Aim of the exercise:
The line with "standard Cybernetic body" marks the first line to copy, and the line with "Neopreno para bebé, ideal" marks the last. Transcribe that stretch of the data below exactly, without pictures.

Records contained in a dataset:
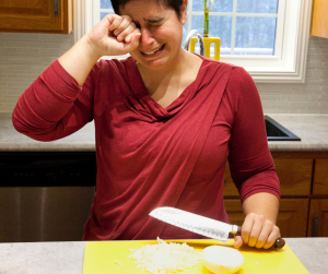 How can you reduce tearing when cutting an onion? To reduce tearing, chill the onion(s) for 30 minutes. Then, cut off the top and peel the outer layers leaving the root end intact. (The root end has the highest concentration of sulfuric compounds that make your eyes tear.) https://fruitsandveggies.org/fruits-and-veggies/onion/
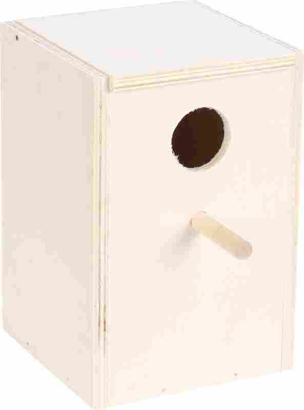 Nid d'oiseau en bois authentique pour les oiseaux exotiques, fabriqué en bois solide. Il dispose d'une entrée facile d'accès et est disponible en différentes variantes.
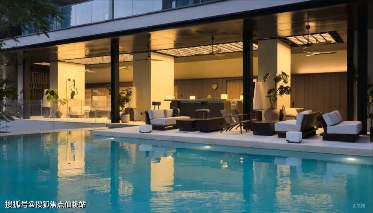 中轴水景如一条流动的蓝丝带,两侧延展出一片开放而亲密的泛会所空间——它不设围墙,却自有边界,不标功能,却处处可用。
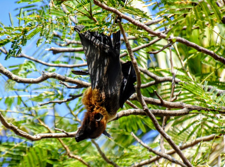 Bat among a big colony of bats on the trees of Sharad Baug Palace Complex.
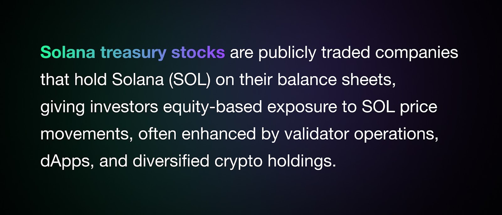 Solana treasury stocks are shares in public companies that hold SOL as an asset but are still regular stocks governed by standard securities rules. Traditional stocks get their value from their business operations, while these derive much of their value from crypto holdings. It's a way to get crypto exposure through a regulated wrapper, with different tax treatment, custody, and liquidity than if you just bought SOL directly. You own equity in the company, not the tokens themselves.
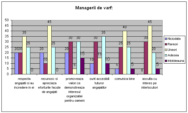 Valorile organizationale sunt promovate de managerii superiori |
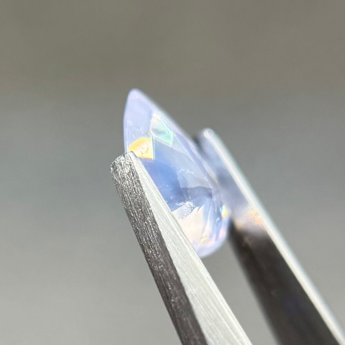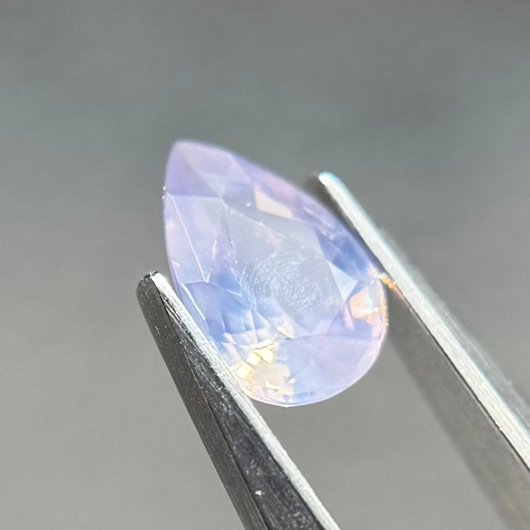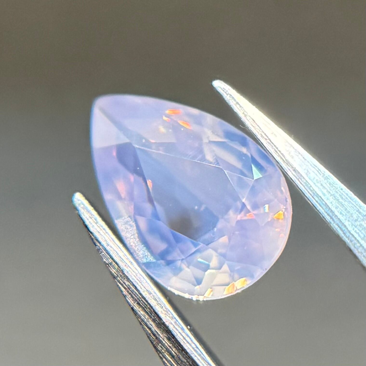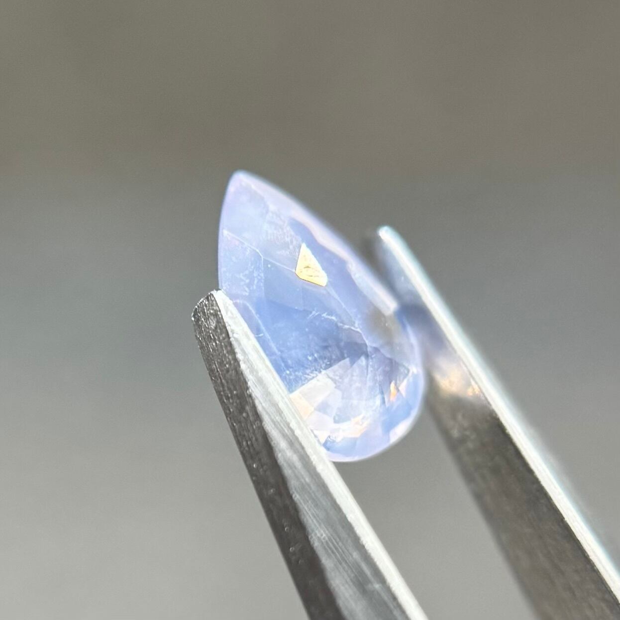 淡いラベンダーブルーの奥側からピンクが顔を出すシルキーサファイアです。手に乗せると今度は青が顔を出す不思議ちゃんでもあります
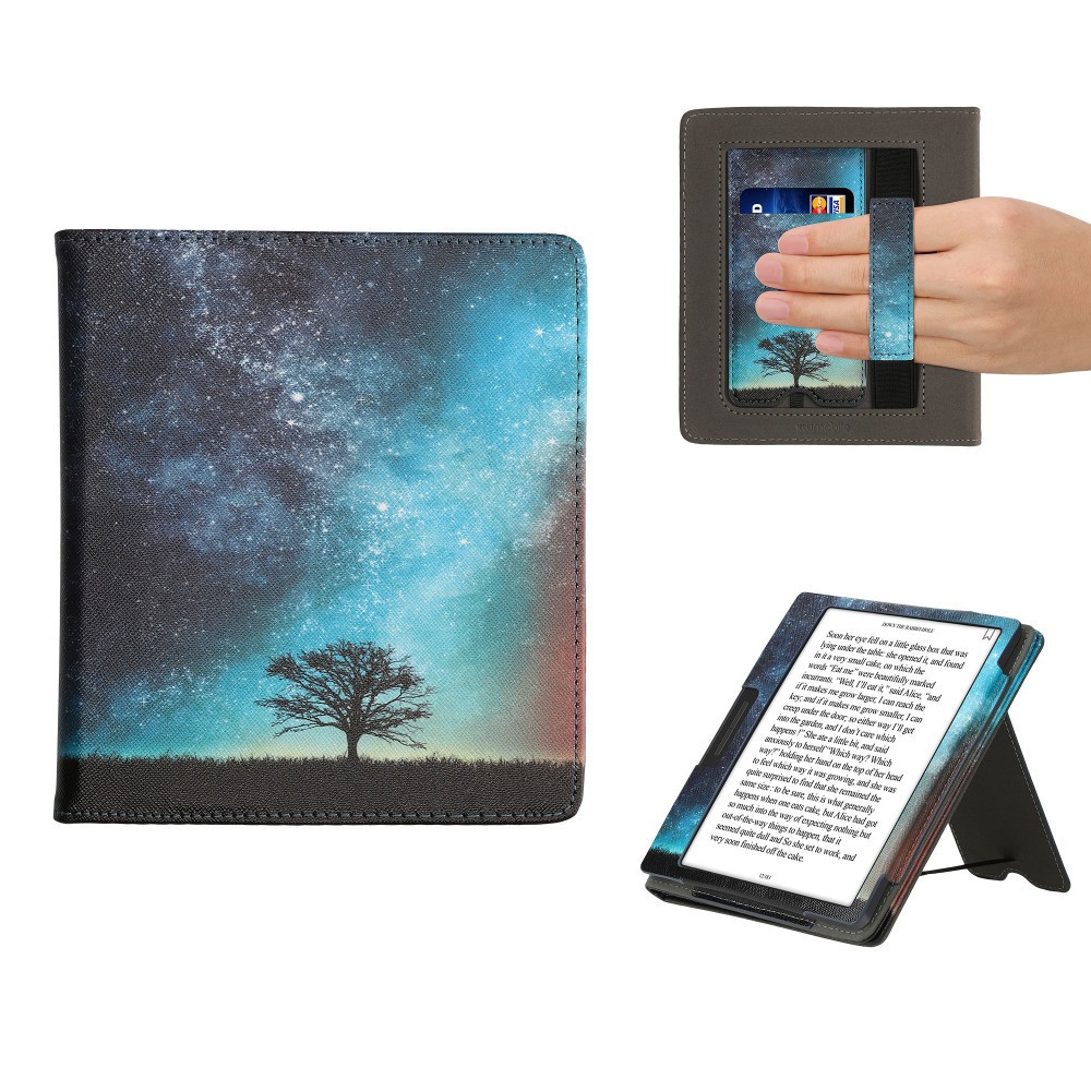 - ASPECT DE PIELE: Husa eReader cu design de natura cosmica este realizata din piele sintetica durabila si rezistenta pentru un aspect clasic
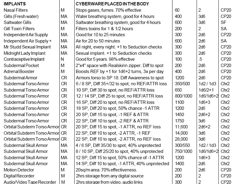 standard Cybernetic body options and artificial organ replacements.
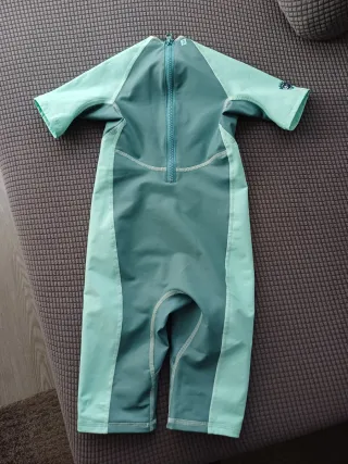 Neopreno para bebé, ideal para matronatación. Protege del frío al entrar y salir del agua en las clases ahora en invierno. También para el mar. 50 upf de protección solar navanji de decathlon. Para 1 año o menos porque es muy ajustado. Está nuevo sin estrenar porque le quedaba pequeño y ya no lo podíamos cambiar. Las marquitas del neopreno es de estar guardado. - Color azul con detalles en verde lima. - Talla 18 meses (altura 78-81 cm). Pero talla pequeño, mero 12 meses. - Cierre de cremallera trasero. Mono peto cosido a parte Superior se une a la chaqueta
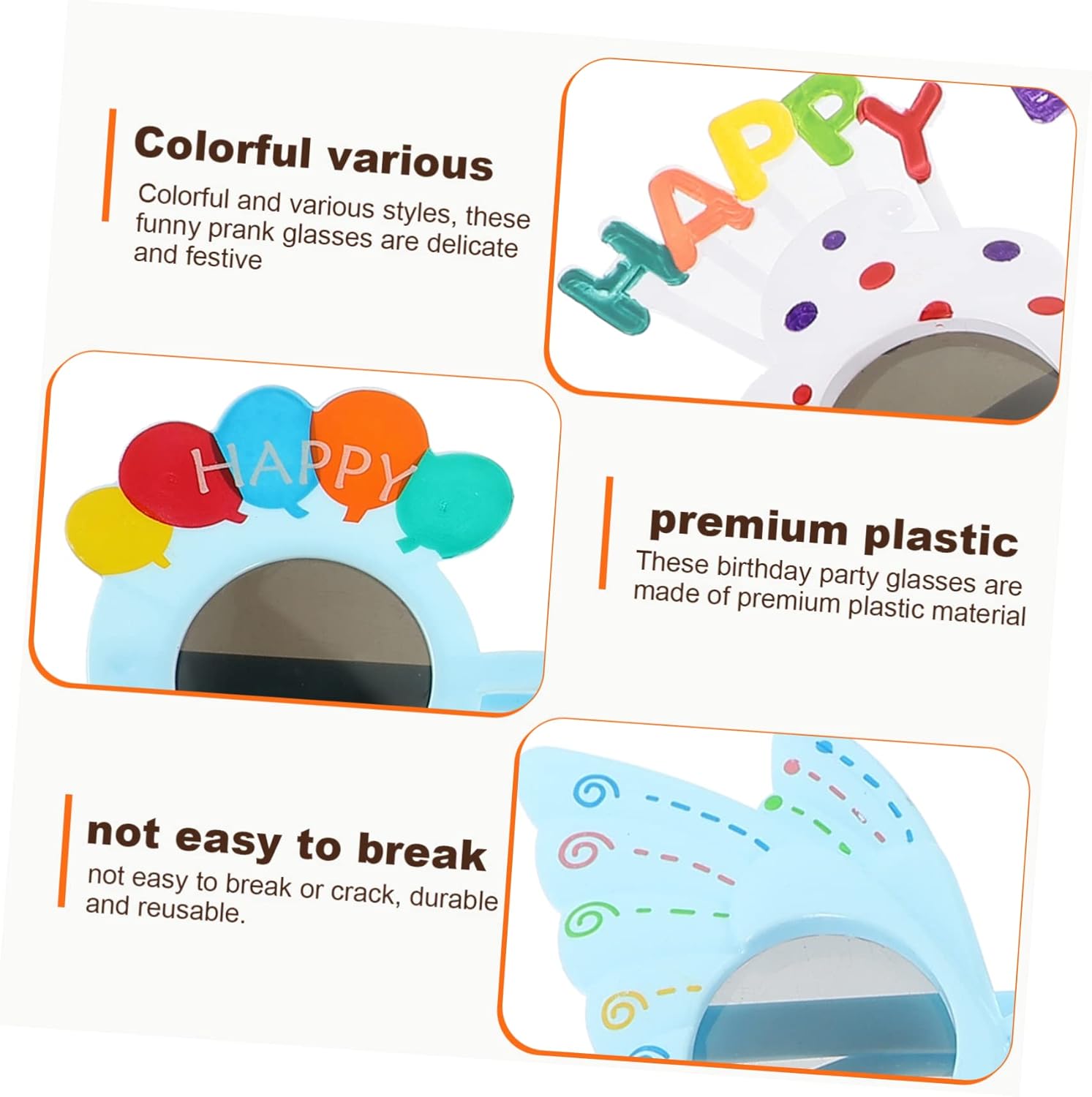 dei pacchetti 4 bicchieri da compleanno Caratteristiche -Materiale: decorazione di bicchieri di plastica per compleanno -Dimensioni: 16,00X10,00X1,00 cm/6,29X3,93X0,39 pollici divertenti per adulti -Colore: per feste di compleanno in colori assortiti - Questi bicchieri da compleanno sono creativi e colori vivaci, eleganti e particolari, sono degli splendidi bicchieri da usare come oggetti di scena fotografici per le feste di compleanno. - Un bel per la tua famiglia o i tuoi amici, condividi una gioia e stupiscili ancora di più, scatta foto più distintive con creativi. - Perfetti per feste di compleanno, matrimoni, feste di Natale, rave party, feste luminose, ecc. da festa. - Realizzati con materiali affidabili, questi da sole sono sicuri e durano a lungo, perfetti per le feste di compleanno. - Dimensioni compatte e peso leggero, portatili, facili da indossare e riporre, per offrirti un sacco di praticità e divertenti per le feste. Descrizione della merce divertenti per compleanno Questi da sole per compleanno realizzati con materiali sicuri e leggeri sono unici, con un design creativo, sono adatti per feste di famiglia o festival da indossare. per feste di compleanno Non si piegheranno o deformeranno facilmente, sono duri e resistenti allo sbiadimento, non facili da rompere, leggeri e di dimensioni compatte, possono essere portati in e indossati comodamente

Answer to this exercise:
 standard Cybernetic body options and artificial organ replacements.
 Neopreno para bebé, ideal para matronatación. Protege del frío al entrar y salir del agua en las clases ahora en invierno. También para el mar. 50 upf de protección solar navanji de decathlon. Para 1 año o menos porque es muy ajustado. Está nuevo sin estrenar porque le quedaba pequeño y ya no lo podíamos cambiar. Las marquitas del neopreno es de estar guardado. - Color azul con detalles en verde lima. - Talla 18 meses (altura 78-81 cm). Pero talla pequeño, mero 12 meses. - Cierre de cremallera trasero. Mono peto cosido a parte Superior se une a la chaqueta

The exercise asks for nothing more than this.